The logic-proof compartment has always been with us. Scientists have lost their lives through refusing to see flaws in their theories. Intelligent mothers give food to their babies that they would manifestly forbid other mothers to give their children. Especially significant is the tendency of races to maintain religious beliefs and customs long after these have lost their meaning. Dietary laws, hygienic laws, even laws based upon geographical conditions that have been changed for more than a thousand years are still maintained in the logic-proof compartment of dogmatic adherence. There is a story that certain missionaries give money to heathen at the time of conversion and that the heathen, having got their money, bathe away their conversion in sacred streams.
The characteristic of the human mind to adhere to its beliefs is excellently summarized in the volume by Mr. Trotter to which reference has been made before. “It is clear,” says Mr. Trotter,[5] “at the outset that these beliefs are invariably regarded as rational and defended as such, while the position of one who holds contrary views is held to be obviously unreasonable.
“The religious man accuses the atheist of being shallow and irrational, and is met by a similar reply.
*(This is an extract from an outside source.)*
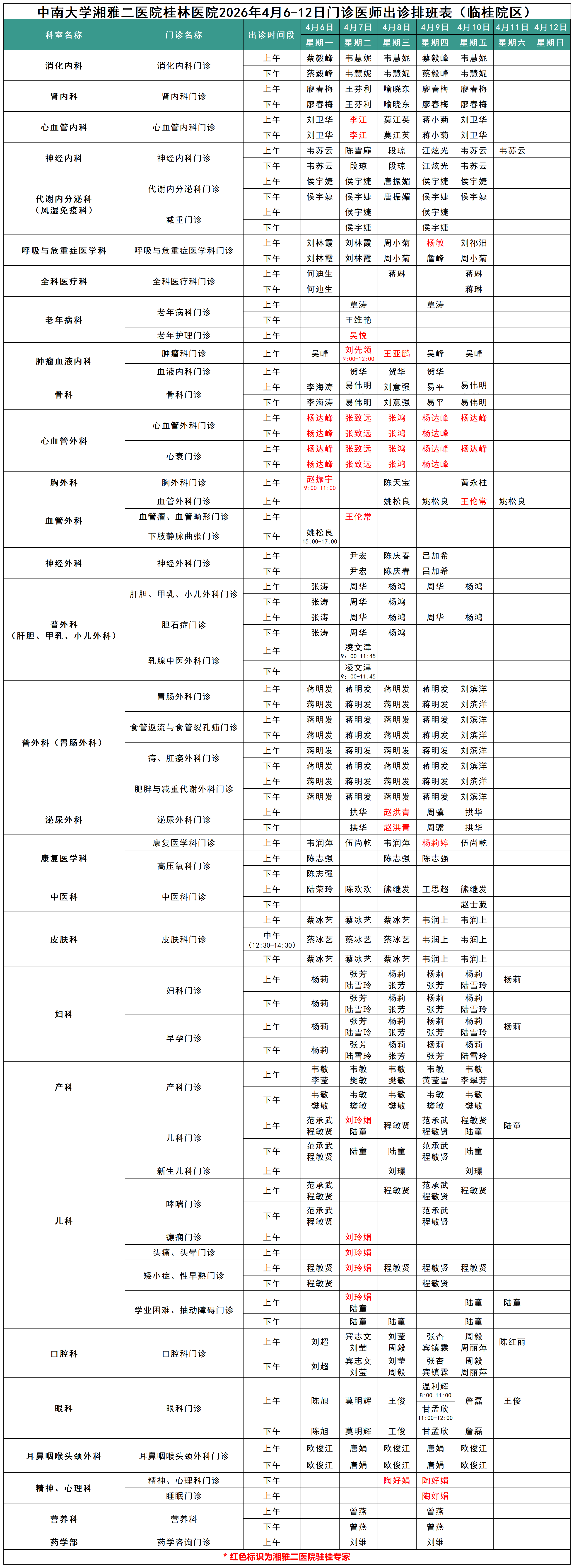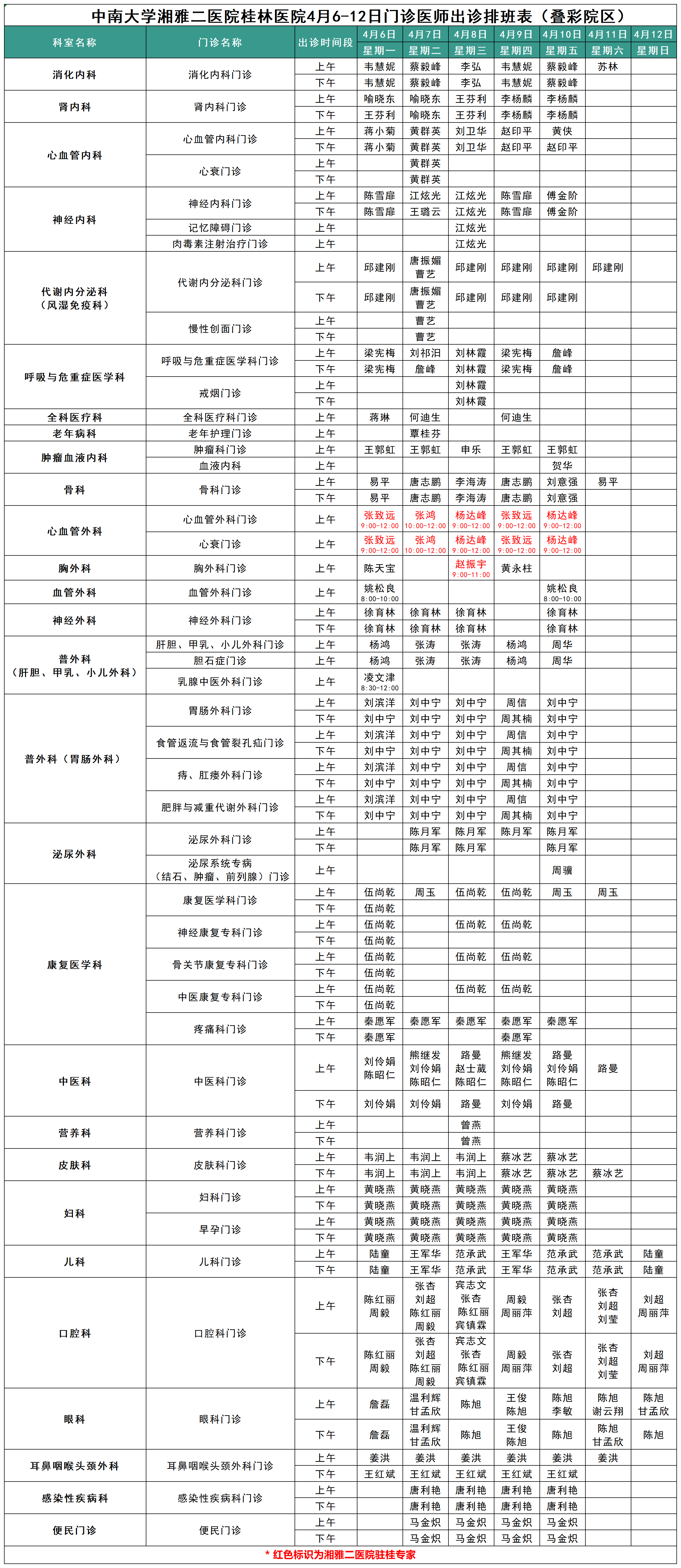 每周更新丨中南大学湘雅二医院桂林医院最新门诊出诊安排(4.6-4.12)

To the Conservative the amazing thing about the Liberal is his incapacity to see reason and accept the only possible solution of public problems. Examination reveals the fact that the differences are not due to the commission of the mere mechanical fallacies of logic, since these are easily avoided, even by the politician, and since there is no reason to believe that one party in such controversies is less logical than the other. The difference is due rather to the fundamental assumptions of the antagonists being hostile, and these assumptions are derived from herd-suggestions; to the Liberal certain basal conceptions have acquired the quality of instinctive truth, have become a priori syntheses, because of the accumulated suggestions to which he has been exposed; and a similar explanation applies to the atheist, the Christian, and the Conservative. Each, it is important to remember, finds in consequence the rationality of his position flawless and is quite incapable of detecting in it the fallacies which are obvious to his opponent, to whom that particular series of assumptions has not been rendered acceptable by herd suggestion.”
Thus the public relations counsel has to consider the a priori judgment of any public he deals with before counseling any step that would modify those things in which the public has an established belief.
It is seldom effective to call names or to attempt to discredit the beliefs themselves. The counsel on public relations, after examination of the sources of established beliefs, must either discredit the old authorities or create new authorities by making articulate a mass opinion against the old belief or in favor of the new.
CHAPTER II
IS PUBLIC OPINION STUBBORN OR MALLEABLE?
There is a divergence of opinion as to whether the public mind is malleable or stubborn—whether it is a passive or an active element. On the one hand is the profound belief that “you can’t change human nature.” On the other hand is the equally firm assurance that certain well-defined institutions modify and alter public opinion.
There is a uniformity of opinion in this country upon many issues. When this uniformity accords with our own beliefs we call it an expression of the public conscience. When, however, it runs contrary to our beliefs we call it the regimentation of the public mind and are inclined to ascribe it to insidious propaganda.
Uniformity is, in fact, largely natural and only partly artificial. Public opinion may be as much the producer of “insidious propaganda” as its product. Naturally enough, where broad ideas are involved, criticisms of the state of the public’s mind and of its origin come most frequently from groups that are out of sympathy with the accepted point of view. They find the public unreceptive to their point of view, and justly or unjustly they attribute this to the influence of antagonistic interests upon the public mind.